Sure, to some extent it’s always been like this, but as one who’s paid close attention to the justices’ shenanigans since the 1960s, it seems more pronounced than ever — and the decisions more vitriolic than ever toward their colleagues. That last characteristic of insulting dissents seems to have ratcheted up during the reign of my old law school professor Antonin Scalia, whose doppelganger must have been Don Rickles, but even Rickles wasn’t as mean-spirited about it.
And worst of all, not even the longest-standing precedent is safe. If the current majority doesn’t like a decision that’s been on the books since before they were born, they just swat it away and claim it was wrong to begin with, because it was based on “judicial activism” rather than the original meaning of the Founders’ words. Of course, nothing about modern American life and technology existed 250 years ago, so the whole concept of “originalism” is just another form of activism dressed up in a white wig and ruffled shirt.

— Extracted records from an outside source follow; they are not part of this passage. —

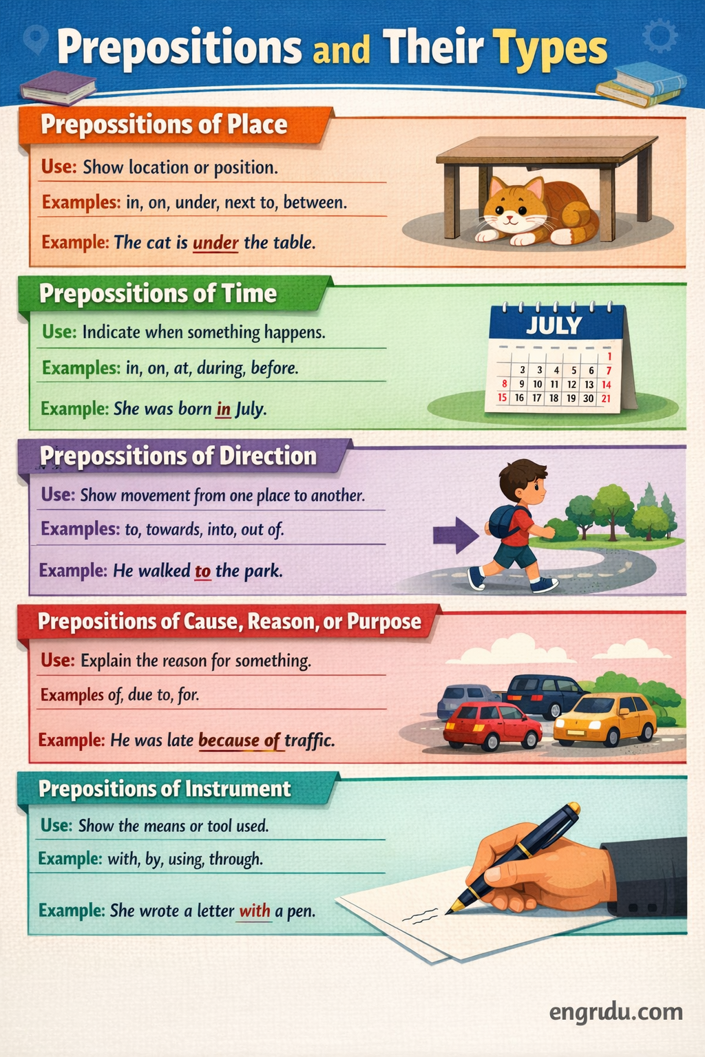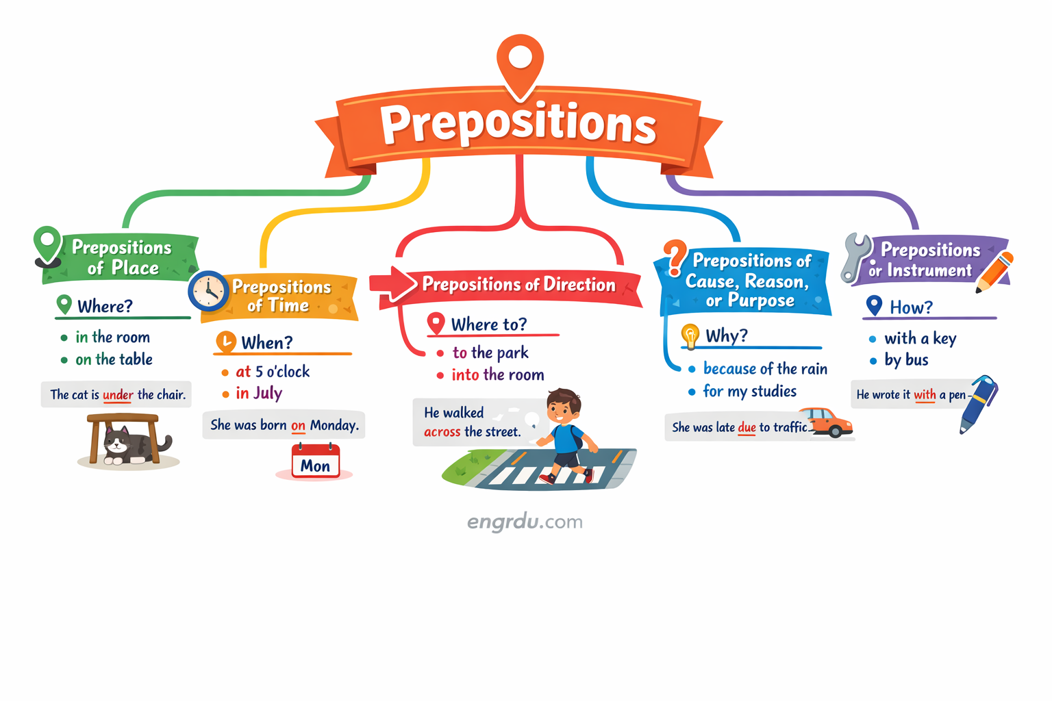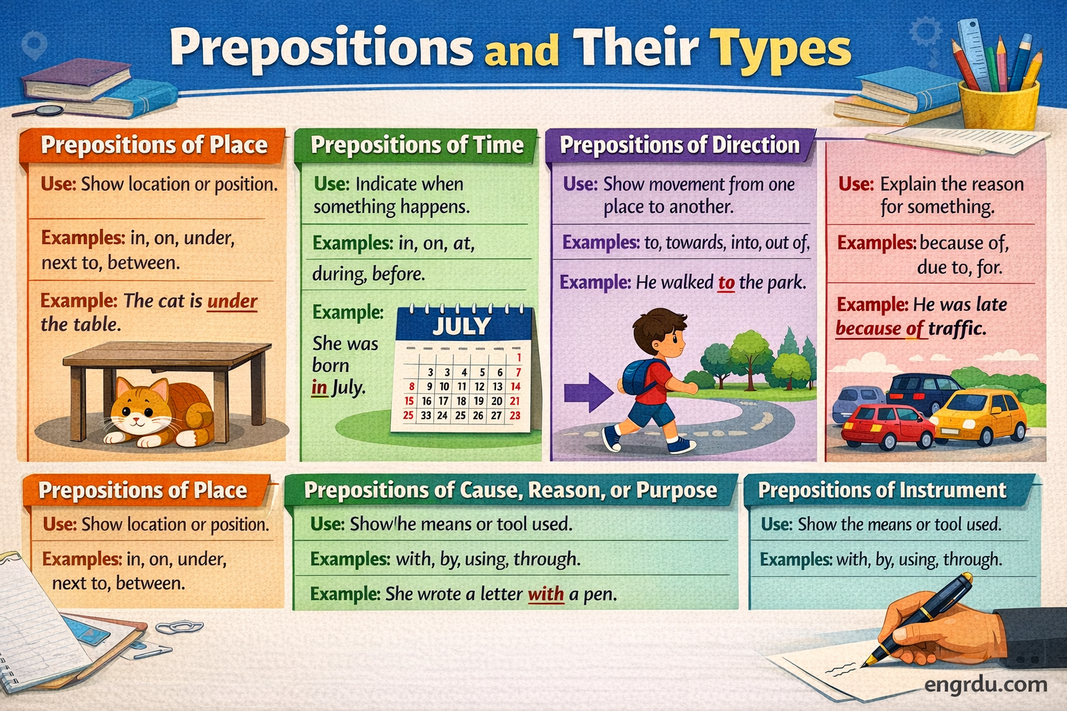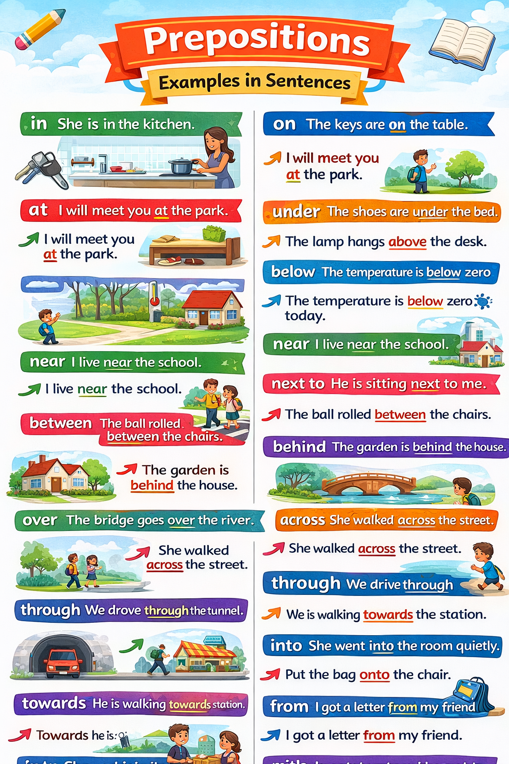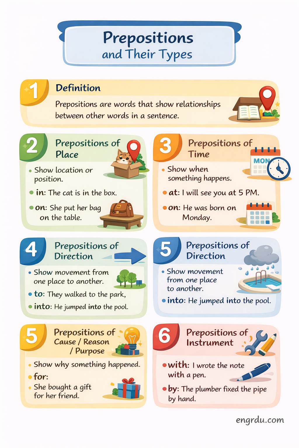 Prepositions are small words, but they make English sentences clear and correct. They show time, place, direction, cause, and manner. By learning the types, rules, and common mistakes, you can use prepositions confidently. Remember to practice with real-life examples and always check which prepositions go with certain verbs, nouns, and adjectives.
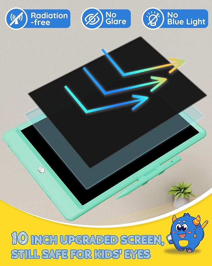- Free Child’s Imagination: The LCD writing tablet for kids provides 10 inches of space for kid’s writing and drawing, free children's imagination. The eye-protection colorful screen of doodle board provides a better painting experience, avoiding injury to a child’s eyes from long-term use
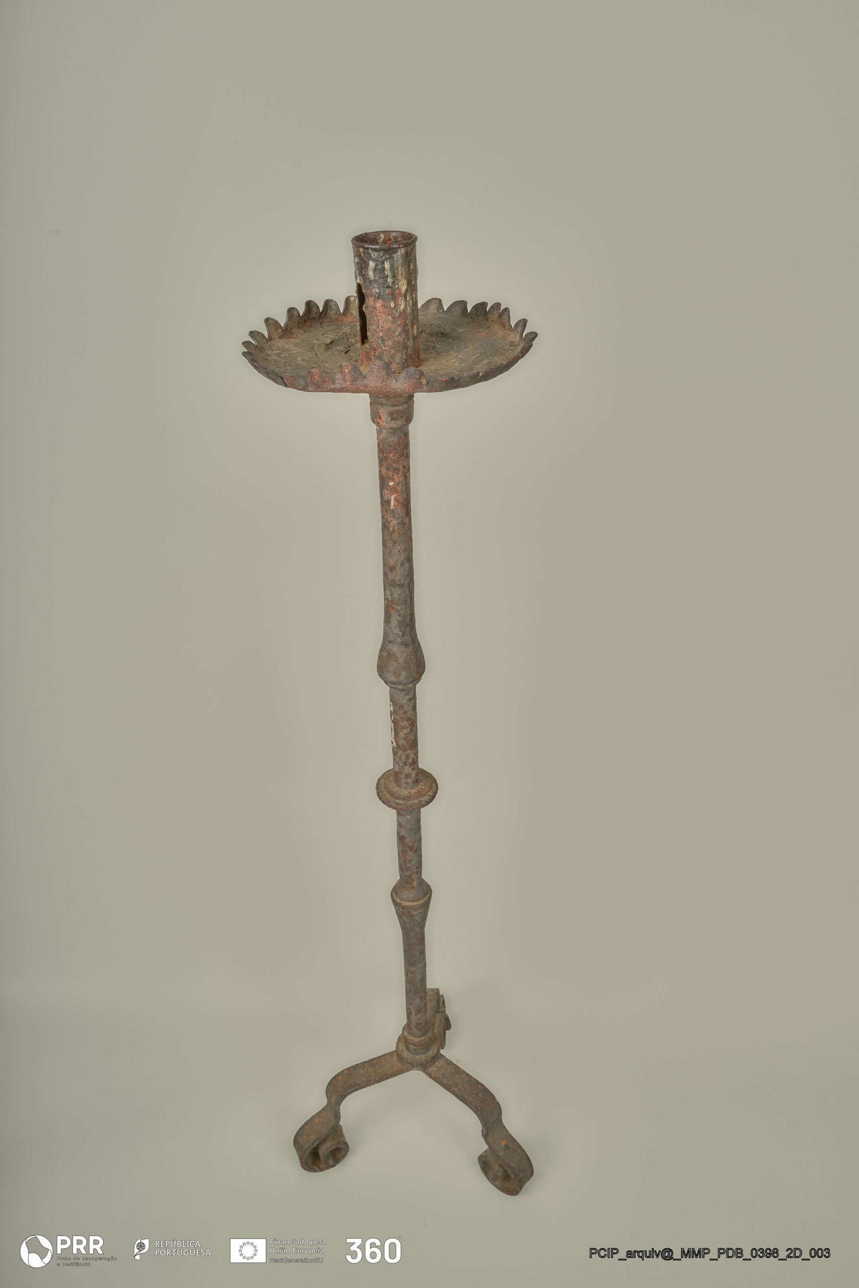 Matéria/Técnica: Desconhecida; Cronologia: Século XVII; Autoria: Desconhecida; Dimensões (cm): Altura: 114,5; Diâmetro: Vela - 4,7 Arandela - 22,6.
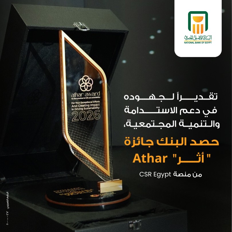البنك الأهلي المصري يحصد جائزة «Athar » تقديرًا لجهوده في التنمية المجتمعية
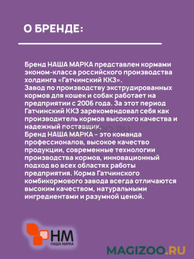 Бренд НАША МАРКА – это команда профессионалов, высокое качество продукции, современные технологии производства кормов, инновационный подход во всех областях работы предприятия. Корма Гатчинского комбикормового завода всегда отличаются высоким качеством, натуральными ингредиентами и разумной ценой.
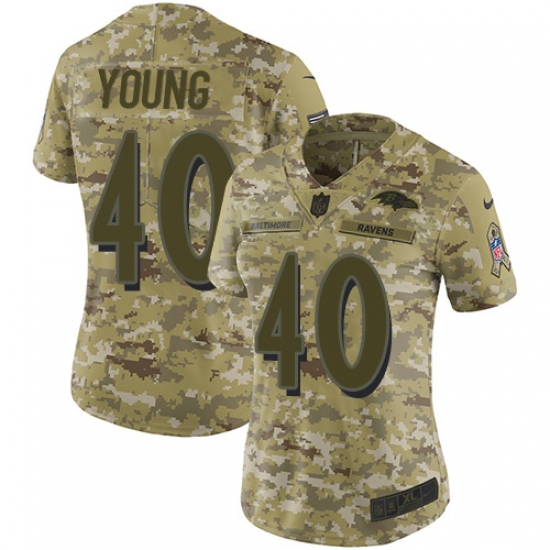 >Women's Nike Baltimore Ravens #40 Kenny Young Limited Camo 2018 Salute to Service NFL Jersey

Which finally brings me to the point I’ve been circling for the past few paragraphs. What if our Supreme Court and other federal judges were appointed initially on the condition that their “good behavior” — that’s the standard in Article III, Section 1, after all — was to be determined after a trial period of, say, five years, with the judgment then to be made whether they had met that standard or were going rogue to such an extent as not to be reconfirmed for another five years, and so on?
Contrary to popular belief, there’s nothing in the Constitution about being appointed for life; that’s just what “good behavior” has been taken to mean — thus far. And if some of our other constitutional provisions have mutated so considerably to their current meanings, there’s no reason why the assumed meaning of this one should be sacrosanct.
So, let’s appoint the Souters, the Alitos, and the Scalias on condition of good behavior and see how they behave over that first term of years. If they’re not observing proper respect for established precedents, or are routinely bad-mouthing their colleagues, or are just making it up as they go along to fulfill some partisan personal philosophy — or are abusing the ethics of their positions by taking emoluments that make their impartial judgment suspect — then it’s back to some well-paying law firm for them, where they can pursue any of these judicial no-no’s with abandon.
I confess to having totally made up this theory of constitutional interpretation, but if you’re with me on this, it could become a national movement — and could go all the way to the Supreme Court on its own. Then, we’d really see how the votes came out, because any of them worried about their future employment wouldn’t want to be disrobed in public, would they?
L. Phillips Runyon III has practiced law in Peterborough for 50 years and was the presiding justice of the 8th Circuit Court for 27 years.